Under the proposed an arrangement, the sleep testing provider, which has no physician ownership, would provide equipment and staffing for a sleep testing facility, while the hospital would own and maintain the space and bill for the “under arrangement” services. The sleep testing provider would also provide marketing and educational services to benefit the hospital by marketing the hospital’s sleep testing services to referring physicians and the community.

The sleep testing provider would be paid in three ways: 1) the hospital would pay an annual, fixed fee for the use of the equipment at fair market value, 2) the hospital would pay a second annual, pre-determined fee for marketing services at fair market value and 3) the hospital would pay a pre-determined fee for other services, including staffing, and supplies “as needed” (e.g., the service of sleep technician is only needed when a test is scheduled).

OIG analysis

Although the OIG determined that the arrangement would not meet safe harbors for equipment leases or personal services and management contracts because the precise schedule or interval length of “as needed” services cannot be determined in advance, the opinion states that the inability to meet safe harbor protection “is not fatal.”

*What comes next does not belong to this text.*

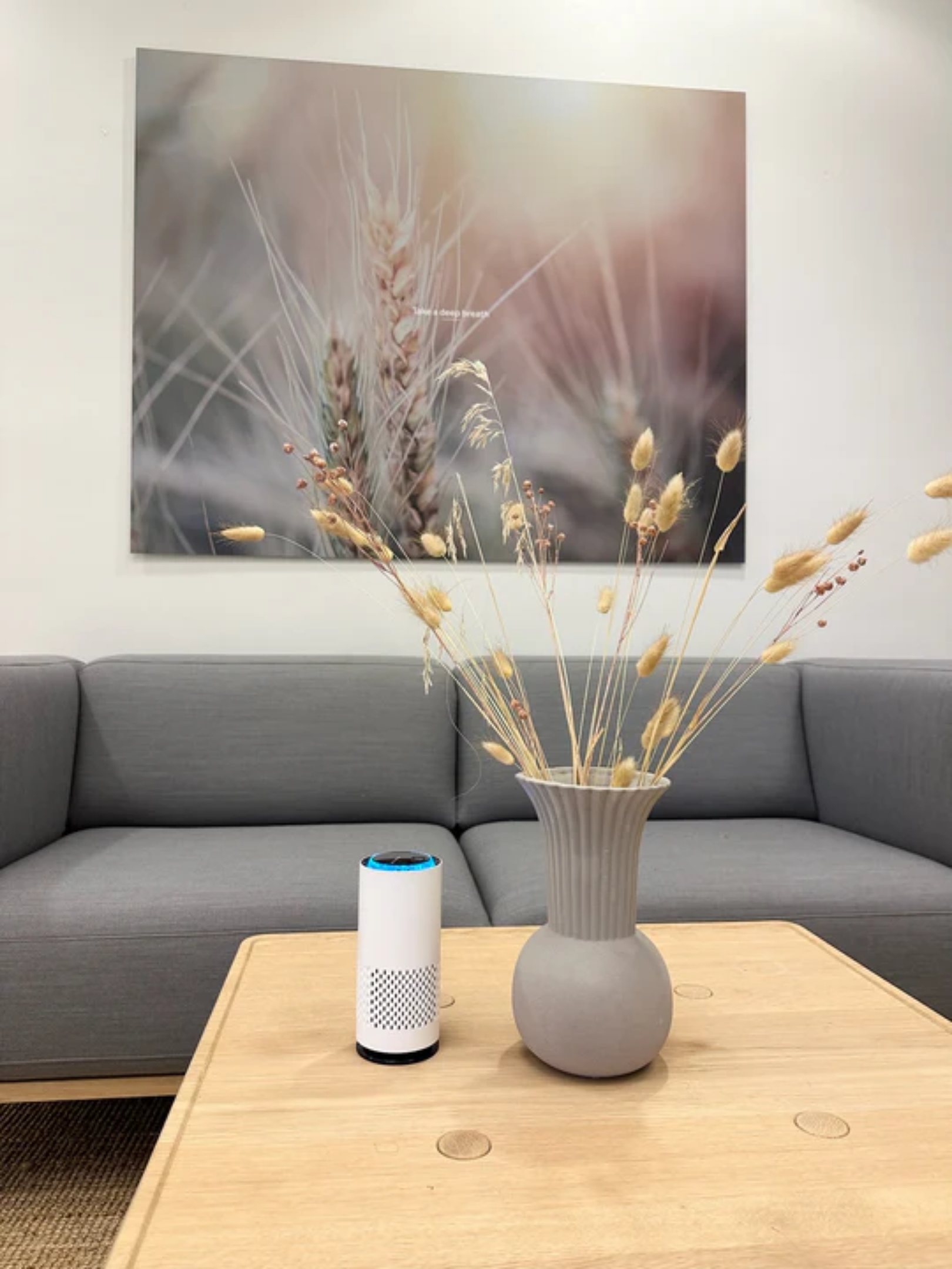 Un purificateur d'air ClairAir™ élimine jusqu'à 99,98 % des particules nocives telles que la poussière, le pollen et les bactéries, vous permettant de respirer librement dans un environnement plus propre et plus sain. - Moins d'allergies et d'asthme

Instead, the OIG determined that administrative sanctions would not be pursued as a result of key three determinations:

1. The proposed arrangement includes many safeguard present in the safe harbors.
The “agreement incorporates many key safeguard enumerated in the…safe harbors, including the use of aggregate, fixed fees that are consistent with fair market value in arm’s-length transactions and that do not take into account the volume or value of federal healthcare program business.”

2. The proposed arrangement lacks characteristics of a suspect under-arrangement.
The OIG states the arrangement does not appear to include suspect characteristics of problematic “under arrangements.” For example, no referral source or physician has any interest in the entity. Additionally, while the entity would be in a position to generate referrals to the hospital’s sleep services because of its marketing function, “the provision of full-time services, combined with the aggregate, set in advance, fair market value fee structure of the proposed arrangement…would mitigate any undue or additional incentive to general unnecessary or an increased volume of sleep tests.”

3. Other characteristics also reduce risk under the Anti-Kickback Statute. Additionally, the OIG states the arrangement has “an acceptably low risk of improperly influencing or rewarding referrals,” due to the fact that 1) no physician has any financial interest in the sleep testing provider, 2) remuneration would be at fair market value and fees would not take into account referrals, 3) the hospital would assume business risk for the testing services and 4) fees charges for equipment and services would be set in advance.